[RECORDED INFORMATION]:
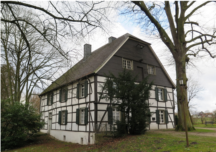
Das Fachwerkhaus des Gahlener Pastorats am Widemweg schräg von vorne (2014). Rechts im Bild ist die knapp 30 Meter hohe Winterlinde zu erkennen.
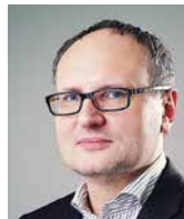
PAWEŁ LISICKI redaktor naczelny, „Do Rzeczy”, Polska
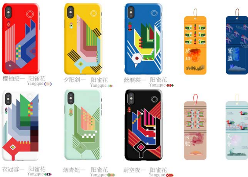
图 11 阳雀花系列手机壳、书签
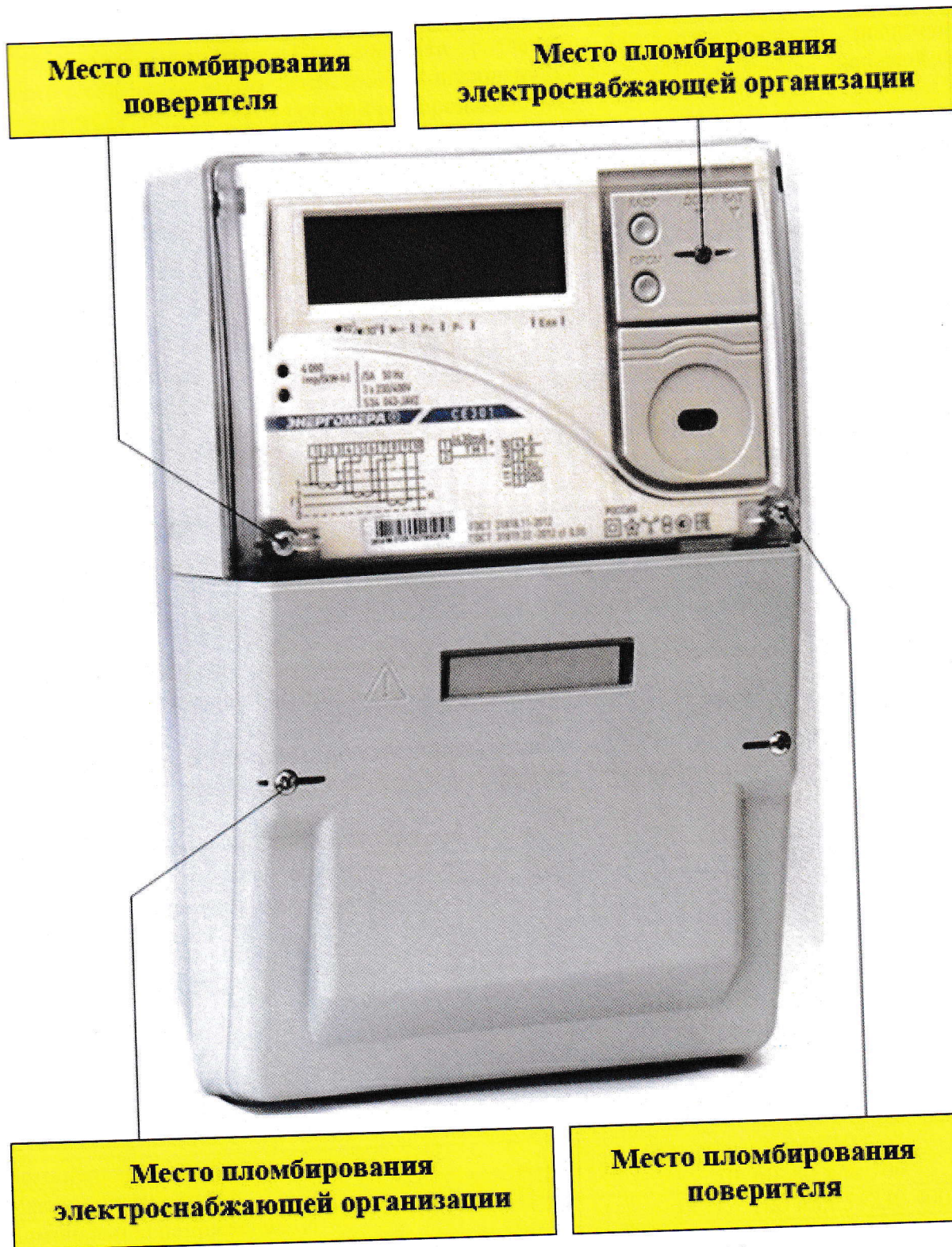
Рисунок 4 – Общий вид счетчика CE301 S34

[ACTION ITEM]: Please retype the lines from the one that contains "PAWEŁ LISICKI redaktor" through the final line of the data, both included, without any pictures.

[SOLUTION TO THIS TASK]:
PAWEŁ LISICKI redaktor naczelny, „Do Rzeczy”, Polska
图 11 阳雀花系列手机壳、书签
Рисунок 4 – Общий вид счетчика CE301 S34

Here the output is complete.